This scheduler represents Kubernetes Pods as a Slurm Job, waits for Slurm to
schedule the Job, then informs Kubernetes on which nodes to allocate the
represented Pods. This scheduler defers scheduling decisions to Slurm, hence
certain assumptions about the environment must be met for this to function
correctly.
Sequence Diagram
sequenceDiagram
autonumber
actor user as User
participant KAPI as Kubernetes API
participant SBS as Slurm-Bridge Scheduler
participant SAPI as Slurm REST API
loop Workload Submission
user->>KAPI: Submit Pod
KAPI-->>user: Return Request Status
end %% loop Workload Submission
loop Scheduling Loop
SBS->>KAPI: Get Next Pod in Workload Queue
KAPI-->>SBS: Return Next Pod in Workload Queue
note over SBS: Honor Slurm scheduling decision
critical Lookup Slurm Placeholder Job
SBS->>SAPI: Get Placeholder Job
SAPI-->>SBS: Return Placeholder Job
option Job is NotFound
note over SBS: Translate Pod(s) into Slurm Job
SBS->>SAPI: Submit Placeholder Job
SAPI-->>SBS: Return Submit Status
option Job is Pending
note over SBS: Check again later...
SBS->>SBS: Requeue
option Job is Allocated
note over SBS: Bind Pod(s) to Node(s) from the Slurm Job
SBS->>KAPI: Bind Pod(s) to Node(s)
KAPI-->>SBS: Return Bind Request Status
end %% Lookup Slurm Placeholder Job
end %% loop Scheduling Loop
1.3 - Tasks
Guides to tasks related to the administration of a cluster running
slurm-bridge
.
1.3.1 - Running slurm-bridge locally
You may want to run slurm-bridge
on a single machine in order to test the
software or familiarize yourself with it prior to installing it on your cluster.

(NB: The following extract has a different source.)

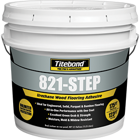 Titebond 821 Premium Urethane Wood Flooring Adhesive is a high-performance formula ideal for bonding engineered, solid plank, cork underlayment and bamboo flooring to common underlayments and subfloors. Its non-slumping characteristics, not available in other urethane adhesives, allow the troweled ridges to bridge normal gaps betwee...

This should only be done for testing and evaluation purposes and should not be
used for production environments.
We have provided a script to do this using Kind and
the
hack/kind.sh
script.
This document assumes a basic understanding of
Kubernetes architecture. It
is highly recommended that those who are unfamiliar with the core concepts of
Kubernetes review the documentation on
Kubernetes,
pods, and
nodes before getting
started.
Pre-requisites
- go 1.17+ must be installed on your system
Setting up your environment
- Install Kind using
go install
:
go install sigs.k8s.io/kind@v0.29.0
If you get kind: command not found
when running the next step, you may need to
add GOPATH to your PATH:
export GOPATH=$HOME/go
export PATH=$PATH:$GOROOT/bin:$GOPATH/bin
- Confirm that kind is working properly by running the following commands:
kind create cluster
kubectl get nodes --all-namespaces
kind delete cluster
- Clone the
slurm-bridge
repo and enter it:
git clone git@github.com:SlinkyProject/slurm-bridge.git
cd slurm-bridge
Installing slurm-bridge
within your environment
Provided with slurm-bridge
is the script hack/kind.sh
that interfaces with
kind to deploy the slurm-bridge
helm chart within your local environment.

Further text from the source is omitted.